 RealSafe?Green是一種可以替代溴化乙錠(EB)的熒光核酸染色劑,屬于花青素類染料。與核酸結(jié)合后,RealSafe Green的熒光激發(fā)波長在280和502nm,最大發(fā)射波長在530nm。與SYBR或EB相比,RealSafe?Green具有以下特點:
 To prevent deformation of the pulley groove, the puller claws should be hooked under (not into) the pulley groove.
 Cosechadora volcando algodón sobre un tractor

= = =

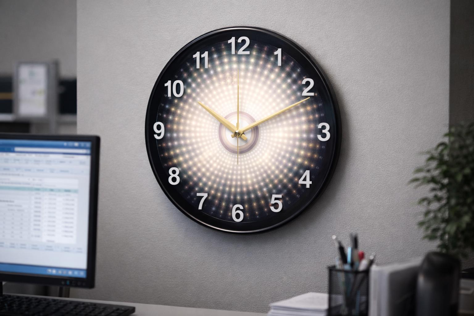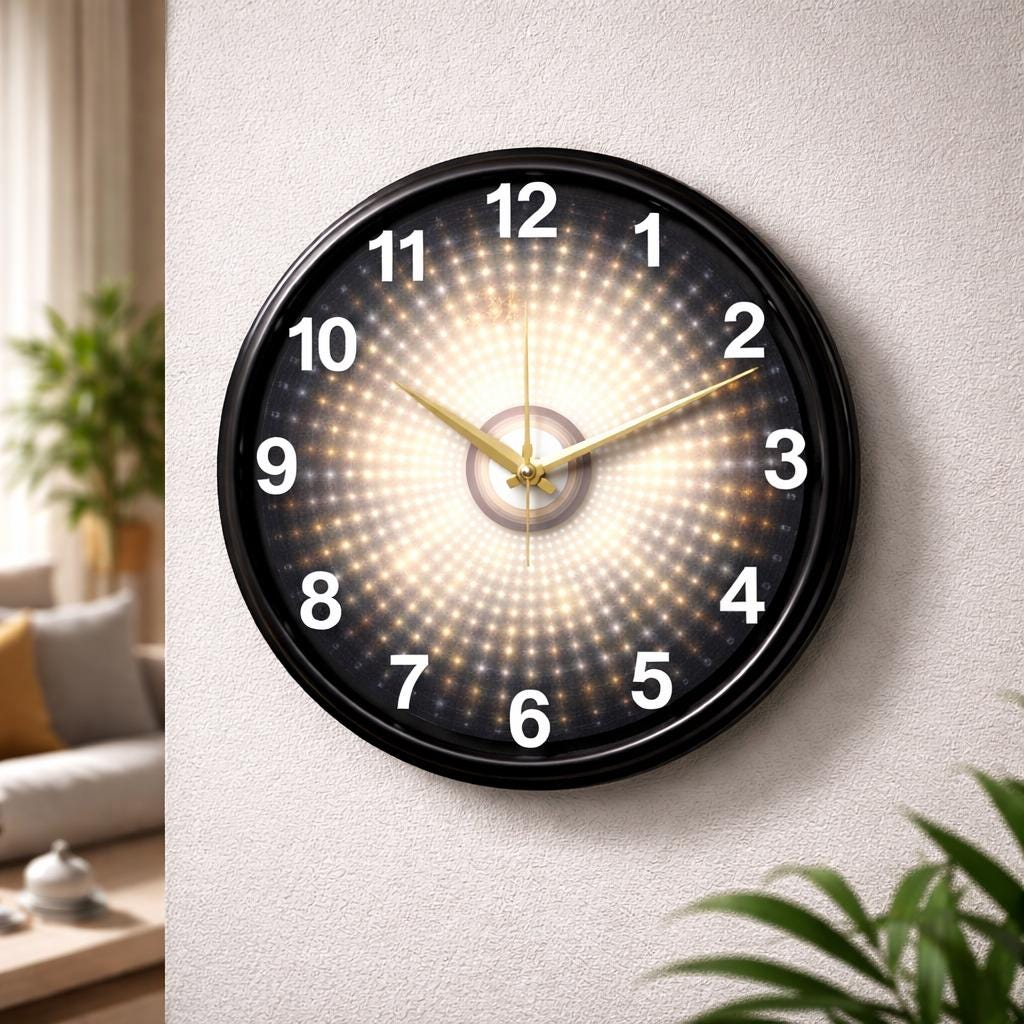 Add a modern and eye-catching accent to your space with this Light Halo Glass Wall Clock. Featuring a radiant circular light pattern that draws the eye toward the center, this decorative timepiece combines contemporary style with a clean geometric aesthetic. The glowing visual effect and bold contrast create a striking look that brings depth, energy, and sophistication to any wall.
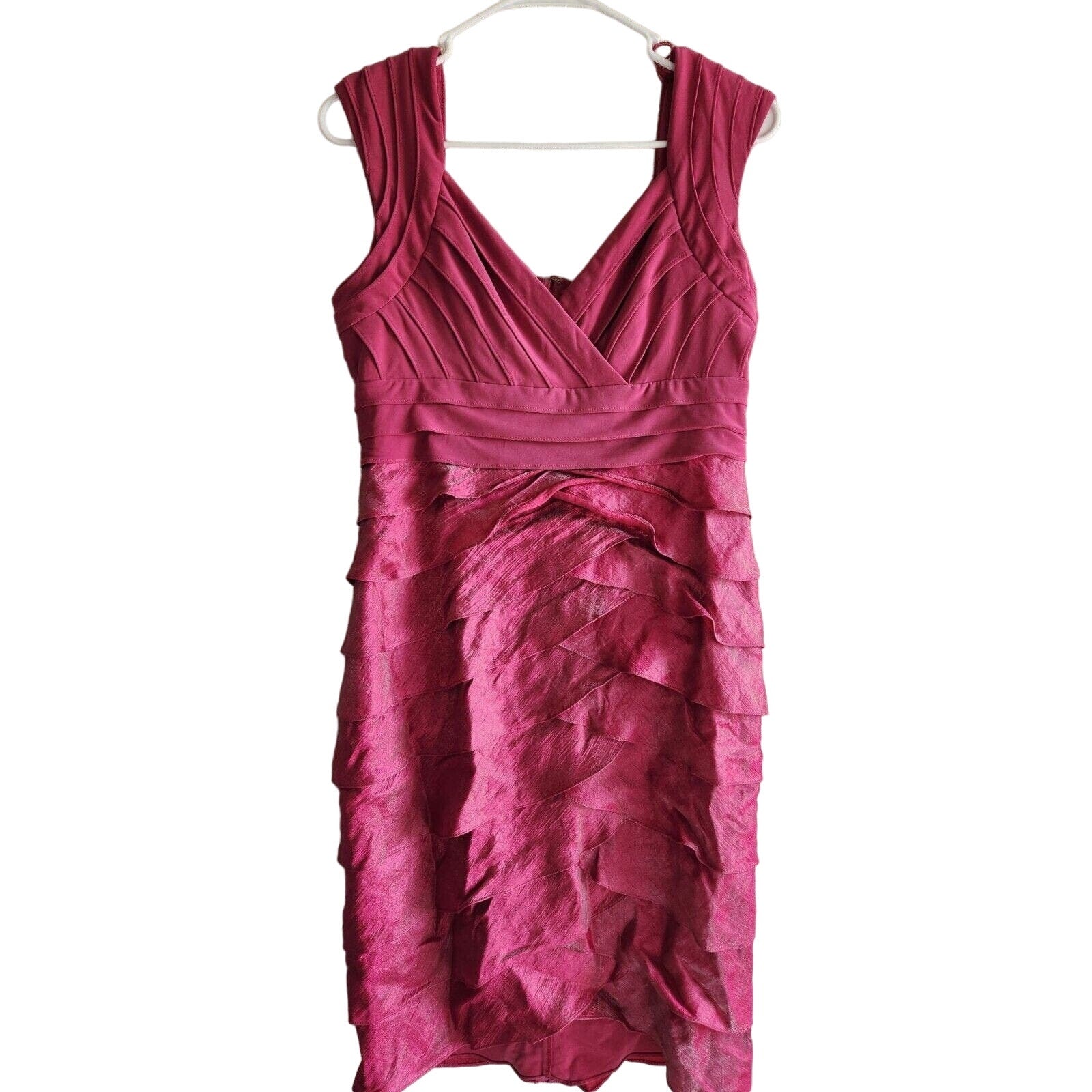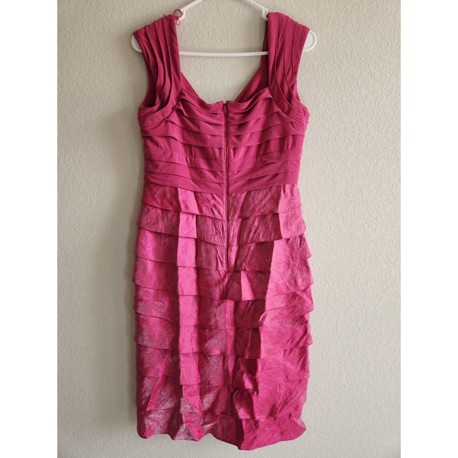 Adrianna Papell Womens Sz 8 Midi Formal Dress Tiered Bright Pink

= = =

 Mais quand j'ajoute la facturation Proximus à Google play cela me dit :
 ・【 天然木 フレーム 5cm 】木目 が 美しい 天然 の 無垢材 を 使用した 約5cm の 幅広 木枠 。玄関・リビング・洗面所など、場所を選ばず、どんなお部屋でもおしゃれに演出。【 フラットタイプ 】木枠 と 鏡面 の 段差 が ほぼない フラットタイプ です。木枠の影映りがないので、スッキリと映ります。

= = =

_What is expected_
Beginning with the line containing "RealSafe?Green是一種可以替" and ending with the line containing "Cosechadora volcando algodón", extract those lines exactly from the listing above, and only those.

_Exercise response_
 RealSafe?Green是一種可以替代溴化乙錠(EB)的熒光核酸染色劑,屬于花青素類染料。與核酸結(jié)合后,RealSafe Green的熒光激發(fā)波長在280和502nm,最大發(fā)射波長在530nm。與SYBR或EB相比,RealSafe?Green具有以下特點:
 To prevent deformation of the pulley groove, the puller claws should be hooked under (not into) the pulley groove.
 Cosechadora volcando algodón sobre un tractor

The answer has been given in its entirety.